Человек продолжает стоять, ничего не понимая, но, вероятно, уже начиная подозревать неладное, хотя рука каким-то невероятным образом остается на месте, пока ее совершенно случайно не задевает толстая тетка, так и не научившаяся управлять выпирающими из платья телесами, свисавшими с живота, лица и ног (именно в такой последовательности!) безобразными жирными пористыми блинами и фартуками, и тогда конечность отлетает, выплескивая круглую лепешку густой крови, мазанувшей несколько людей и упавшей на пол, чтобы там окончательно разбиться на множество фонтанчиков, словно из белых плиток ударил новый источник, окатил с ног до головы жирную тетку, унылую личность неразличимого пола и мужчину в черных очках и грязном плаще. Троице повезло - такой остроты ощущений они еще наверняка не чувствовали со времен своего рождения.

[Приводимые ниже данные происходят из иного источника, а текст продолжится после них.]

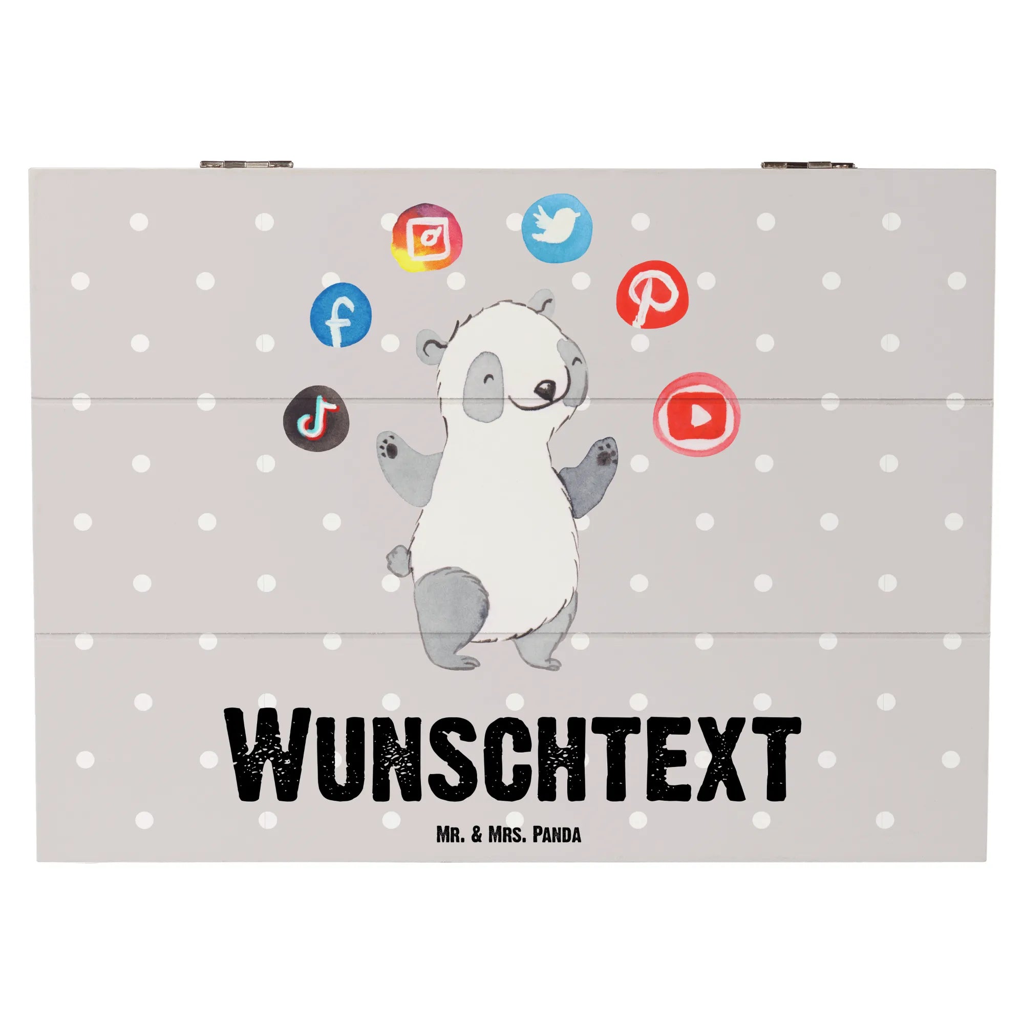 Die Kiste wird aus hochwertiger Premium Hartfaser gefertigt und besticht mit einem niedlichen Panda, der fröhlich mit Social Media Icons jongliert. Zudem ist sie personalisierbar mit deinem Wunschtext oder Wunschnamen, sodass du das Geschenk ganz individuell gestalten kannst.
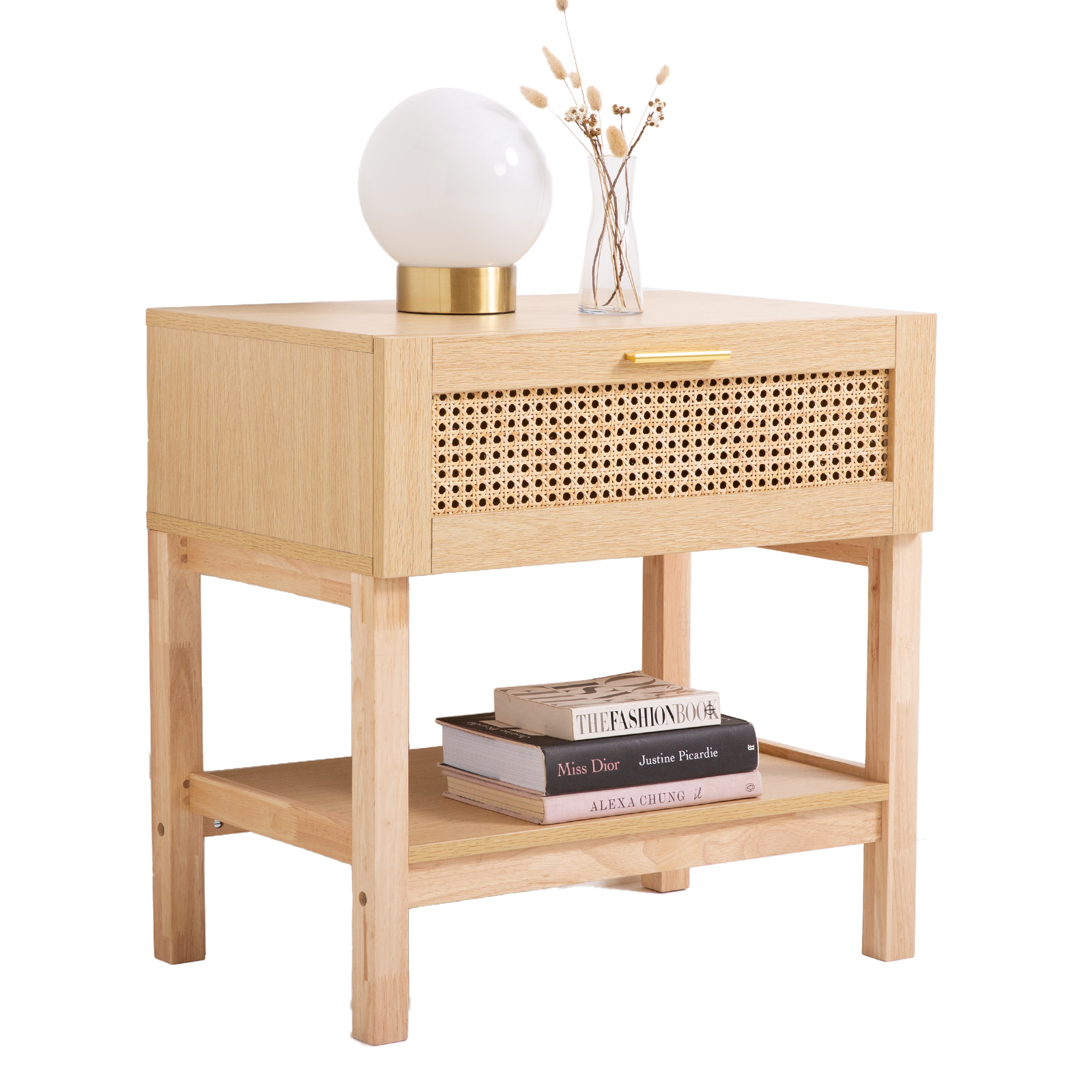 Casa Decor Santiago Rattan Bedside Table Drawers Table Nightstand Cabinet Oak

Любопытно наблюдать, писать, рисовать то, как будут вести себя целиком и полностью придуманные тобой люди, которые в общем-то при твоей холодности и отстраненности, равнодушии и безразличии к каждой конкретной личности, при твоем витании в высоких сферах обобщения человеческих характеров, когда на страницах, на холсте действуют не живые личности, а лишь знаки, символы, типические характеры, по большому счету никуда не годные и никому не интересные.
Почему мы так их ценим? Почему дрожим в экстазе от метко подмеченной черты характера, присущей всему человечеству в целом? Почему индивидуальность на холсте так мало ценится, и мы стремимся к чему-то типическому, что по существу является для нас лишь хитрым эфмеизмом вечного, гениального, живого?
Наше равнодушие, глубинное равнодушие вселенной к тому, что происходит в ней, всеобщее наплевательство - вот чему я готов поверить больше всего, но как художник я обязан создавать достоверные (лживые) картинки бытия.
Мне приходится говорить вам, что льющаяся кровь, жутко вырисовывающаяся на белоснежных плитках под нещадным светом прожекторов, повергла окружающих в неимоверный ужас, что под сводами пересадочной станции возник и стал нарастать человеческий вой, словно стая волков собралась вокруг агонизирующей загнанной жертвы, когда все силы стаи потрачены на преследование, на схватку, и остается только тяжело дыша тоскливо ждать, предвкушая обильную трапезу. Хотя я сам не верю в такую реакцию человечества. От слабых, ранимых личностей - да, я согласен, я верю в их шок, в их страх и, может быть, сострадание, но остальные… Это только игра, еще одна игра в человеческое общество, во взаимопомощь, в противостояние злу, и мне даже не хочется отвлекаться на подобные мелочи, я с интересом отпускаю бразды правления, откладываю краски и наблюдаю за верификацией мира, за его самостоятельностью, но это не доставляет мне особого удовольствия.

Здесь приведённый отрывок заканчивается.